Excerpted data —
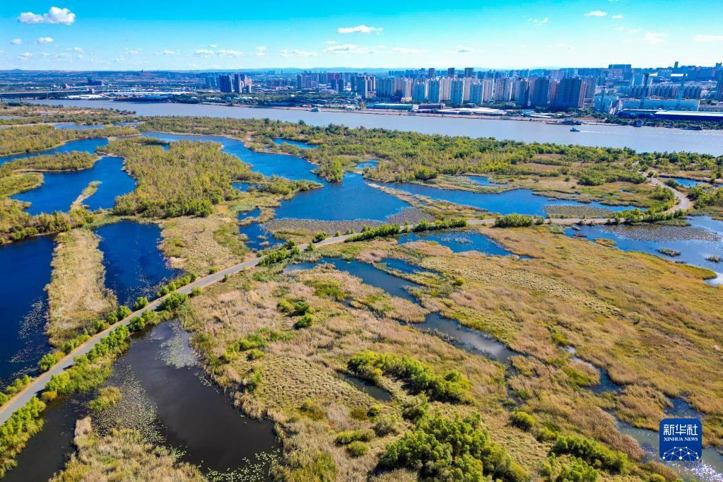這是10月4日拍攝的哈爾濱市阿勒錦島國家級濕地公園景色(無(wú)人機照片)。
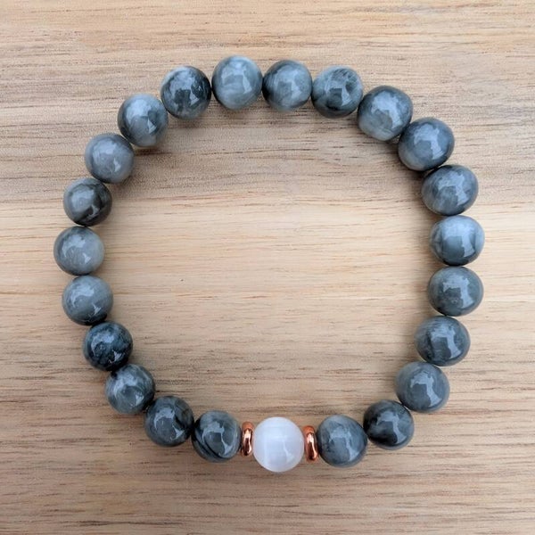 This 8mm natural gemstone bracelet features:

* * *

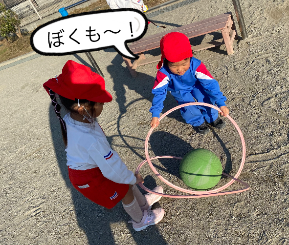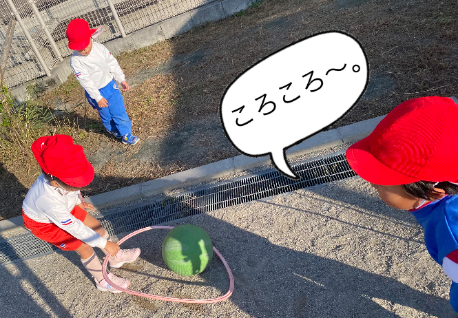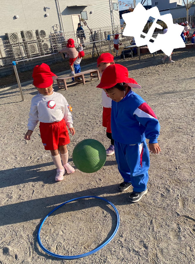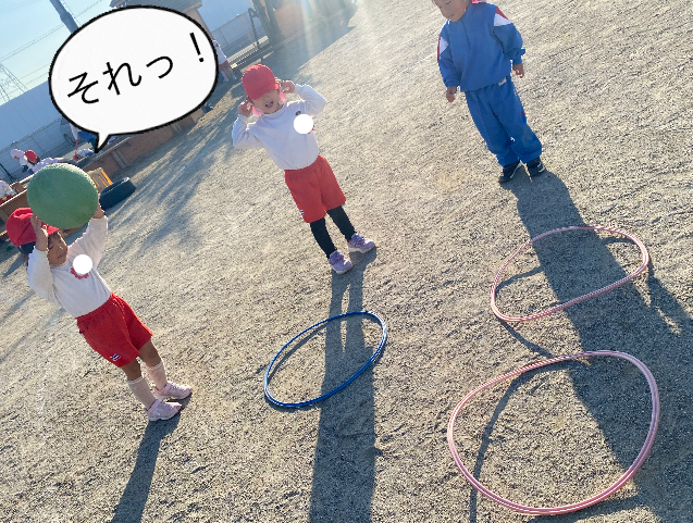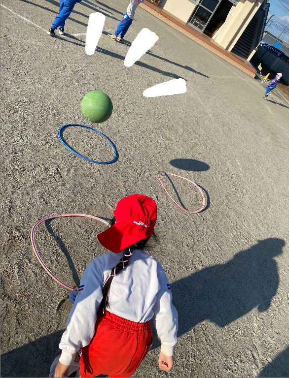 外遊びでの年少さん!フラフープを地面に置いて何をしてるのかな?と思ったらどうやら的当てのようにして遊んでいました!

Task directions — Among the entries above, take the line with "這是10月4日拍攝的哈爾濱市阿勒錦島國家級濕地公園景色(無(wú)人機照片)。", the line with "This 8mm natural", and all the lines between them, and restate them word for word without pictures.

Exercise solution —
這是10月4日拍攝的哈爾濱市阿勒錦島國家級濕地公園景色(無(wú)人機照片)。
 This 8mm natural gemstone bracelet features:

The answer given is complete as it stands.